Yoshida Kazuya, Yamamoto Naohito, Imanaka Nobuhiro, Togawa Takashi, Miyauchi Mitsuru, Miyazaki Masaru
Division of Breast Surgery, Chiba Cancer Center, 666-2 Nitona-Cho, Chuo-ku, Chiba City, Chiba 260-8717, Japan.
Breast Cancer. 2002;9(4):319-22. doi: 10.1007/BF02967611.
Controversy surrounds the correct injection site of radioisotope (RI) and blue dye for sentinel node biopsy (SNB) in breast cancer, and there have been some reports on the advantages of subareolar (SA) injection. We carried out a study to assess whether SA injection is useful for all patients undergoing SNB.
In this prospective study, 20 patients with T1 or T2 tumors clinically node negative, were enrolled. Injection of 99mTc-phytate (0.5 mCi) was performed two times (3 to 5 days before surgery and the day of surgery) for each patient. The first RI injection was SA, and the second RI injection was subdermal (SD). The location and number of hot nodes were assessed by lymphoscintigraphy (LSG) and hand-held gamma probe.
There were no patients in whom hot nodes on LSG were visualized in clearly different locations between the SA and SD injection sites. However, there were 2 patients in whom hot nodes were identified at different locations with a gamma probe. Seven patients had more hot nodes on LSG with SD injection than SA injection.
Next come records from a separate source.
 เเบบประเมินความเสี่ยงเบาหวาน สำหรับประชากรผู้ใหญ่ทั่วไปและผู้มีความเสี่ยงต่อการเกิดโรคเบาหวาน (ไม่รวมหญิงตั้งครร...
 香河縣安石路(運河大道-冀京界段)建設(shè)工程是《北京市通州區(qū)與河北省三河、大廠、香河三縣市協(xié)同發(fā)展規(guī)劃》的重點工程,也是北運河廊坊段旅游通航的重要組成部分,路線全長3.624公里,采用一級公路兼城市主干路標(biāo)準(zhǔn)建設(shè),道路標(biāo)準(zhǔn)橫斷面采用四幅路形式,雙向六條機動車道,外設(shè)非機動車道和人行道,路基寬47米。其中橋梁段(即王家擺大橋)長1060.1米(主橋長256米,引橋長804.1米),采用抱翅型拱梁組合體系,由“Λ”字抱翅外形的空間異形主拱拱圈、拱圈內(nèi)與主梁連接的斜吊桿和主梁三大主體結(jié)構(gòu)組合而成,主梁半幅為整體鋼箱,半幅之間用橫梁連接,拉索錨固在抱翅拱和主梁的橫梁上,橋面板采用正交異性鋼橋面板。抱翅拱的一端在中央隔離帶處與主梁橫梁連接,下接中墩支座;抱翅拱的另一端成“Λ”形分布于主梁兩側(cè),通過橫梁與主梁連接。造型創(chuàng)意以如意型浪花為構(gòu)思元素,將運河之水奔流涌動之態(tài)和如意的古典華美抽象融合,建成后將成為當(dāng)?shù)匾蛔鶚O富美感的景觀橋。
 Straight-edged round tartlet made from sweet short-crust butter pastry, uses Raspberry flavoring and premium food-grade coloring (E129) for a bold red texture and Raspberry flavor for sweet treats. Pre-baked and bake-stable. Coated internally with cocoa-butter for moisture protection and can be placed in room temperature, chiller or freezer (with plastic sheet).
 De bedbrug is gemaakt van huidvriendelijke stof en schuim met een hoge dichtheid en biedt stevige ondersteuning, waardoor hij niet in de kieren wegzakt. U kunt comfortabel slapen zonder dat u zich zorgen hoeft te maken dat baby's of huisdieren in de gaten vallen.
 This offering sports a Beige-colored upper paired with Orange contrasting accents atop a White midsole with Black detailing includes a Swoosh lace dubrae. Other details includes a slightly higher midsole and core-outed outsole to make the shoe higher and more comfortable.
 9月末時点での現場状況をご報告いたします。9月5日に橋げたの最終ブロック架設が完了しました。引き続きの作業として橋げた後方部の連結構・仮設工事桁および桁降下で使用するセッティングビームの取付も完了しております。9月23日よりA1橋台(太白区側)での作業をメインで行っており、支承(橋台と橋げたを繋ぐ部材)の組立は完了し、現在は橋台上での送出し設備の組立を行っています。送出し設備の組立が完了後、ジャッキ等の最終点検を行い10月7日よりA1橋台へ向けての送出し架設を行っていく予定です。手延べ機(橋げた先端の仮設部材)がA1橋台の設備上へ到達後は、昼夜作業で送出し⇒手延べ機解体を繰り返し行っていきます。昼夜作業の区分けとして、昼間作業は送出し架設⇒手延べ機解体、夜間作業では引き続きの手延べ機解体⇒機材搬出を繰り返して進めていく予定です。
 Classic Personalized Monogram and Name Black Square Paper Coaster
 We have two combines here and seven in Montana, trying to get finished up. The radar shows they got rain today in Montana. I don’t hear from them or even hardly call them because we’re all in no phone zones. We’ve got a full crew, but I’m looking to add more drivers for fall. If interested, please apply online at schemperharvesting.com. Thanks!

Eight patients had a higher RI count of hot nodes by SD injection than SA injection. The mean RI count of hot nodes by SA injection was higher than that after SD injection.
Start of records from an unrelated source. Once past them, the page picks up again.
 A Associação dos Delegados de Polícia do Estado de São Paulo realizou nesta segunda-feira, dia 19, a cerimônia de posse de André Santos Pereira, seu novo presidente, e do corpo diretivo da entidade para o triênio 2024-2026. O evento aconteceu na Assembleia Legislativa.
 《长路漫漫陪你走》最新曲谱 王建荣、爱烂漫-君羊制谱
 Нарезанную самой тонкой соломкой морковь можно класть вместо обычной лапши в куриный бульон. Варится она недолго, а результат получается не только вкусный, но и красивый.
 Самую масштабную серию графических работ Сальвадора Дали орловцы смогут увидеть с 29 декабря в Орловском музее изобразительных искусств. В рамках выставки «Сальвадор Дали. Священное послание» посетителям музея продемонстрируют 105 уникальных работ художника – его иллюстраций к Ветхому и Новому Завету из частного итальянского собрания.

SA and SD lymphatic flow run into the same node in most patients, however, SD injection is more useful than SA injection in some patients. Though SA injection is a useful technique, it may not identify sentinel lymph nodes correctly in patients with multiple lesions or tumors in the upper outer quadrant.
乳腺癌前哨淋巴结活检(SNB)中放射性同位素(RI)和蓝色染料的正确注射部位存在争议,已有一些关于乳晕下(SA)注射优势的报道。我们开展了一项研究,以评估SA注射对所有接受SNB的患者是否有用。
在这项前瞻性研究中,纳入了20例临床淋巴结阴性的T1或T2肿瘤患者。每位患者进行两次99mTc-植酸盐(0.5 mCi)注射(手术前3至5天和手术当天)。首次RI注射为SA注射,第二次RI注射为皮下(SD)注射。通过淋巴闪烁显像(LSG)和手持式γ探针评估热结节的位置和数量。
在LSG上,没有患者的热结节在SA和SD注射部位之间的位置有明显差异。然而,有2例患者通过γ探针在不同位置发现了热结节。7例患者SD注射后LSG上的热结节比SA注射后多。8例患者SD注射后的热结节RI计数高于SA注射后。SA注射的热结节平均RI计数高于SD注射后。
在大多数患者中,SA和SD淋巴引流汇入同一淋巴结,然而,在一些患者中,SD注射比SA注射更有用。虽然SA注射是一种有用的技术,但对于上外象限有多个病灶或肿瘤的患者,可能无法正确识别前哨淋巴结。